All lines from the one containing "Nastavite lahko tudi" through the final line of the listing below, and no others, must be returned exactly; no pictures belong in the copy.

--- RAW DATA ---
------------------------------------------------------------------------
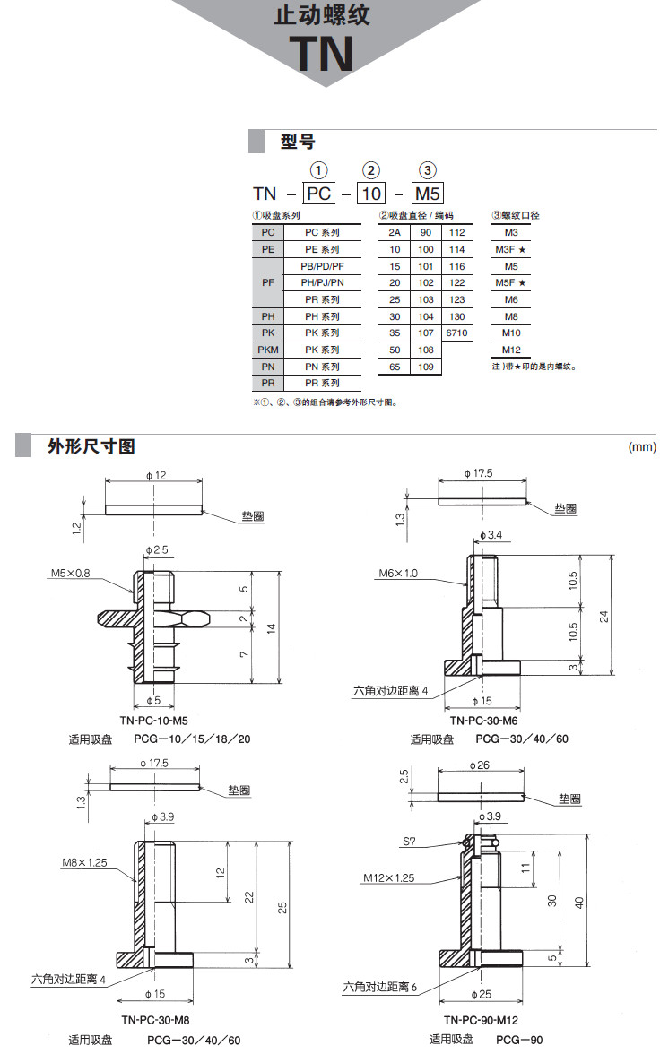 TN-PC,TN-PE,TN-PF,TN-PH,TN-PK,TN-PKM,TN-PN,TN-PR,止動(dòng)螺紋
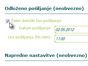 Nastavite lahko tudi uro, ob kateri bodo prejemniki dobili vabilo v obliki SMS sporočila.
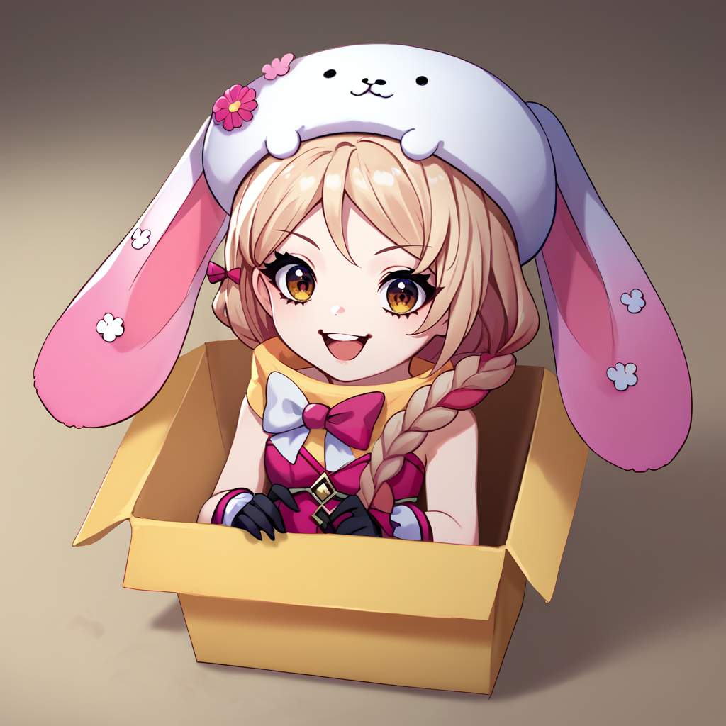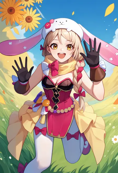 봄 팬걸: frammespring, 금발, 단일 땋은 머리, 동물 모자, 토끼 모자, 분홍색 드레스, 스트랩 없는 드레스, 검은 장갑, 흰색 팬티스타킹, 노란색 스카프, 리본, 어깨 드러남, 가슴 노출
------------------------------------------------------------------------
--- EXERCISE RESULT ---
 Nastavite lahko tudi uro, ob kateri bodo prejemniki dobili vabilo v obliki SMS sporočila.
 봄 팬걸: frammespring, 금발, 단일 땋은 머리, 동물 모자, 토끼 모자, 분홍색 드레스, 스트랩 없는 드레스, 검은 장갑, 흰색 팬티스타킹, 노란색 스카프, 리본, 어깨 드러남, 가슴 노출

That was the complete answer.